Cette étude de l'Université de Genève (UNIGE), en collaboration avec l'Institut tropical et de santé publique suisse (Swiss TPH), s'appuie sur les données récoltées auprès de 2886 hommes suisses âgés de 18 à 22 ans dans différentes écoles de recrue du pays durant une période de quatorze ans.
Entre 2005 et 2018, les scientifiques ont mesuré la concentration de spermatozoïdes chez les utilisateurs fréquents de téléphone portable et l'on comparée à ceux qui ne se servent de leur smartphone qu'à peine une fois par semaine.
Les études précédentes évaluant la relation entre l'utilisation des téléphones mobiles et la qualité du sperme ont été réalisées sur un nombre relativement faible d'individus.
6 millions de spermatozoïdes par millilitre en moins
Les chiffrent montrent qu'il existe effectivement une association entre les deux éléments, comme l'a détaillé mercredi au micro de La Matinale de la RTS Serge Nef, professeur à la Faculté de médecine de Genève.
"On observe une diminution d'environ 20% de la concentration de sperme pour les hommes qui utilisent plus de 20 fois leur téléphone par jour par rapport aux personnes qui l'utilisent moins. Dans les chiffres, on passe d'environ 50 millions de spermatozoïdes par millilitre à 44 millions."
La 4G moins néfaste que la 2G?
Le chiffre était plus prononcé au cours de la première période d'étude (2005-2007) et a progressivement diminué avec le temps (2008-2011 et 2012-2018). "Cette tendance correspond au passage de la 2G à la 3G, puis de la 3G à la 4G, qui a entraîné une réduction de la puissance d'émission des téléphones", explique Martin Röösli, professeur associé au Swiss TPH.
Selon les valeurs établies par l'Organisation mondiale de la santé (OMS), un homme mettra probablement plus d'un an à concevoir un enfant si sa concentration en spermatozoïdes est inférieure à 15 millions par millilitre. En outre, le pourcentage de chances de grossesse diminuera si cette concentration est inférieure à 40 millions par millilitre. Mais l'équipe de recherche précise toutefois que l'effet sur la fertilité "n'est pas encore clair" et n'a pas été évalué dans cette étude.
Ondes transmises au cerveau
L'analyse semble également démontrer que le fait de porter son téléphone dans la poche, près des testicules, n'est pas associé à une qualité plus faible de sperme. Ce seraient les ondes transmises au cerveau qui affecteraient la production de spermatozoïdes, comme le révèle Rita Rahban, directrice de l'étude.
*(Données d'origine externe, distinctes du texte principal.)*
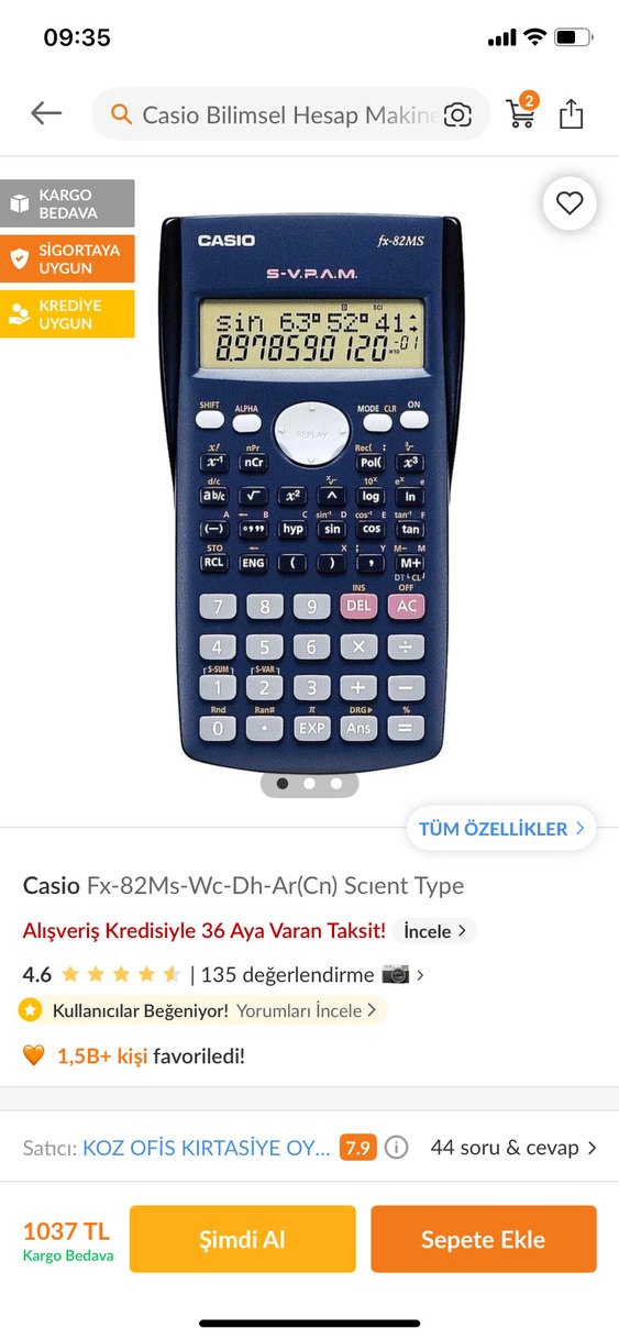 Casio Fx-82MS mavi renkli, çok fonksiyonlu bilimsel hesap makinesidir. Kimya sınavı için bir kere kullandı sorunsuz. Kutusuyla gönderilecek.

"Cela donne surtout une indication sur le mécanisme d'action à travers le cerveau. L'hypothèse est que le téléphone peut agir sur le fonctionnement de ces hormones et donc sur le fonctionnement testiculaire."
L'équipe de recherche précise toutefois que le nombre de personnes étudiées indiquant ne pas porter leur téléphone près du corps était trop faible pour parvenir à une conclusion précise. Pour solidifier ces hypothèses, elle recrute activement des participants dans la population. Pour y participer, il est possible de s'inscrire directement via le portail de l'Université de Genève.
Sophie Iselin/fgn
Diminution générale de la qualité du sperme
De nombreuses études ont montré que la qualité du sperme - déterminée par l'évaluation de paramètres tels que la concentration en spermatozoïdes, leur nombre total, leur mobilité et leur morphologie - a diminué ces cinquante dernières années dans les pays industrialisés.
Le nombre de spermatozoïdes aurait chuté d'une moyenne de 99 millions par millilitre à 47 millions par millilitre.
Ce phénomène résulterait d'une combinaison de facteurs environnementaux (perturbateurs endocriniens, pesticides, radiations) et comportementaux (nourriture, alcool, stress, tabac).